Les plateformes de vidéos pornographiques amateurs sont dans de sales draps. La police a multiplié ces derniers jours les coups de filet dans les coulisses d’une industrie peu regardante en matière de droits humains. Quatre hommes ont été mis en examen le 30 septembre pour traite des êtres humains en bande organisée et viol en réunion dans l’enquête à Paris sur la plateforme de vidéos pornographiques « French Bukkake », a-t-on appris de source judiciaire. Ces interpellations portent à seize le nombre d’hommes – acteurs, réalisateurs, producteurs – poursuivis dans ce dossier. La grande majorité d’entre eux est incarcérée.   
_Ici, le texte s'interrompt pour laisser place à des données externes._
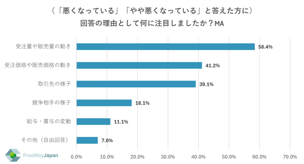 「悪くなっている」と答えた理由として最も多かったのは、受注量や販売量に関連するもので、その比率は58.4%に達しました。つまり、実体経済の動きが厳しい中、企業はどのようにして業績を維持・改善していくのかが重要な課題です。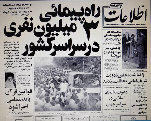 «تظاهرات از ساعت 6 بامداد آغاز شد و ادامه آن تا نیمه شب طول کشید. خبر تظاهرات امروز به عنوان یک نمایش بزرگ و بیسابقه به سراسر جهان مخابره شد. تظاهرکنندگان در بسیاری از نقاط در طول مسیر فریاد میزدند «نهضت ما حسینی، رهبر ما خمینی». دهها وانتبار برای تظاهرکنندگان آذوقه حمل میکردند و وانتبارها خود را به صف راهپیمایان میرساندند و بین آنها آذوقه پخش میکردند. در پارهای از خیابانها به محض اینکه صف تظاهرکنندگان مقابل گلفروشیها میرسید، گلفروشها، گلها را میان مردم تقسیم میکردند. دهها نفر شاخههای گل را در سر چهارراهها نثار مأموران انتظامی میکردند.»(1)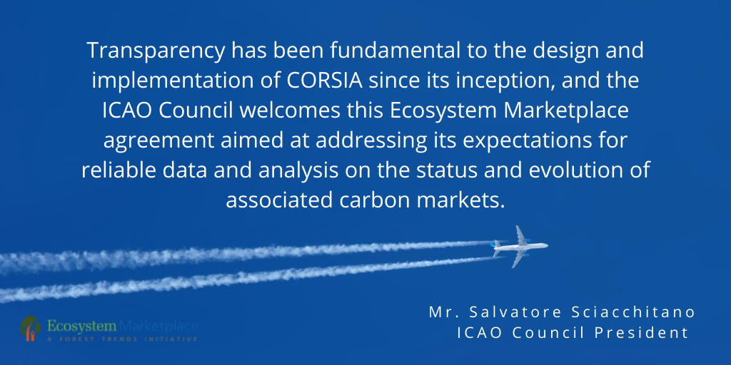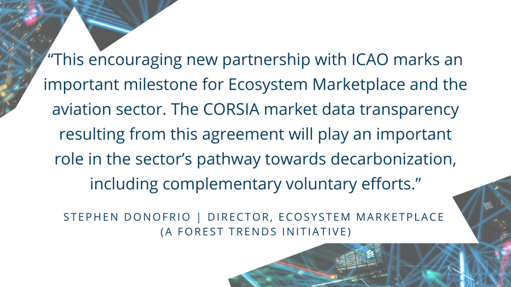 “This encouraging new partnership with ICAO marks an important milestone for Ecosystem Marketplace and the aviation sector,” said Stephen Donofrio, Director of Ecosystem Marketplace. “As CORSIA is a global scheme governed by a regulatory compliance model, the market data transparency resulting from this agreement will play an essential role in the sector’s pathway towards decarbonization, including complementary voluntary efforts.”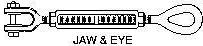 | Size Dia. x Take-up | Approx. Wt. ea. in lbs. Eyes and/or Hooks | Approx. Wt. ea. in lbs. Jaw & Eye | Approx. Wt. ea. in lbs. Jaw & Jaw | Work Load Limit in lbs. Hook&Hook/Hook&Eye | Work Load Limit in lbs. Eye&Eye/Jaw&Eye/Jaw&Jaw | Avg.Ovrall Length with Ends in Closed Position |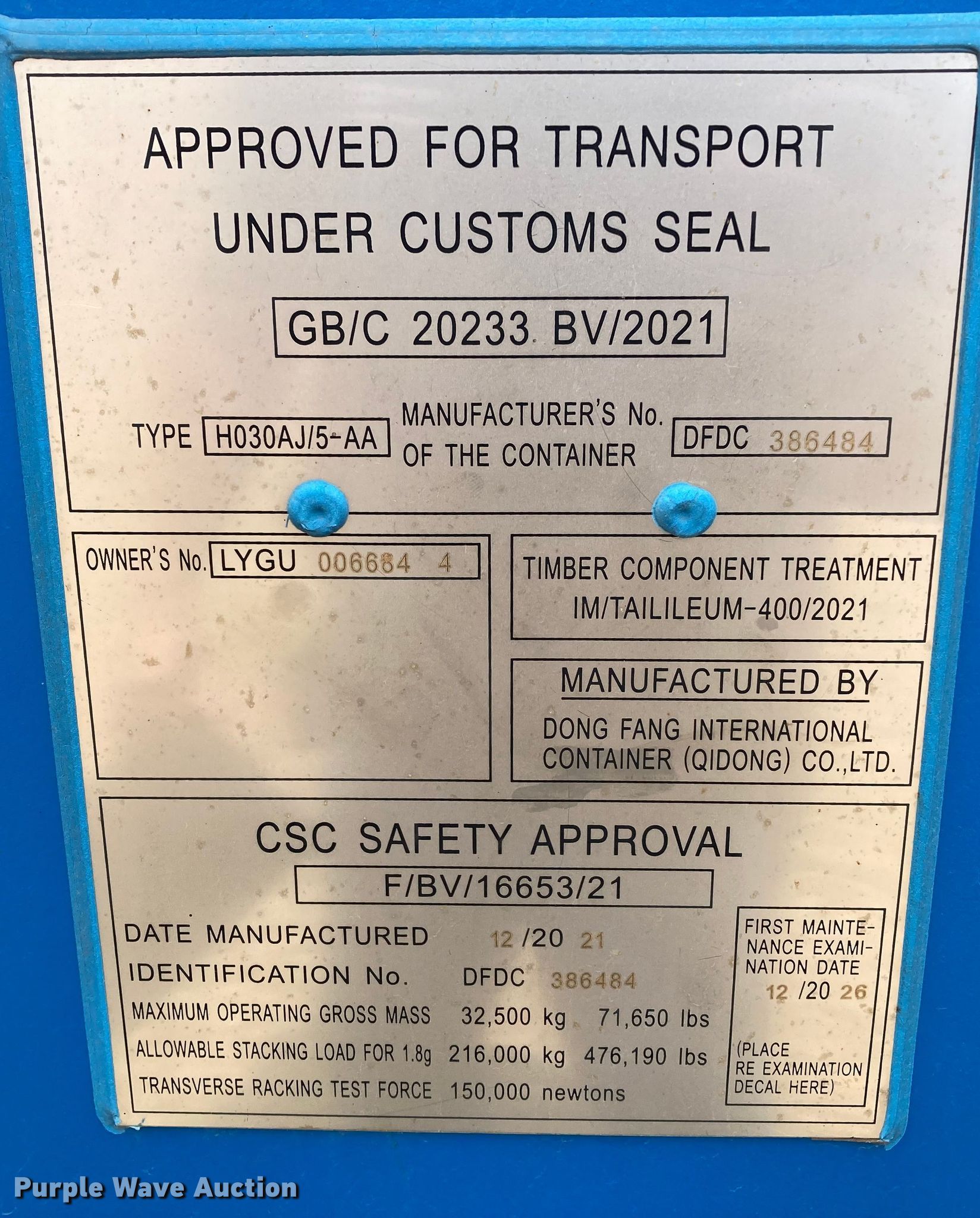 2021 Dongfang H030AJ/5-AA storage container | SOLD! June 21 Vehicles and Equipment Auction

Le premier coup de pied dans la fourmilière a été porté en octobre 2020, suite à une première enquête ouverte à Paris quelques mois plus tôt. Elle visait la plateforme de vidéo « Jacquie et Michel », incarnation du porno amateur tricolore. Les premiers éléments de l’enquête faisaient état d’abus généralisés à l’encontre de femmes vulnérables victimes de violences sexuelles et contraintes à exécuter des actes sexuels devant et hors caméra par des acteurs, réalisateurs et producteurs, soucieux de satisfaire la demande des consommateurs toujours plus grande. En tout, ce sont quinze hommes qui travaillaient en France, notamment sur la plateforme « Jackie et Michel », qui risquent d’être poursuivis, la plupart en garde à vue dans l’attente de leur procès. Plus de 40 victimes présumées se sont jointes en tant que plaignantes civiles aux côtés de groupes d’activistes.  

« Les jeunes femmes sont prises au sérieux »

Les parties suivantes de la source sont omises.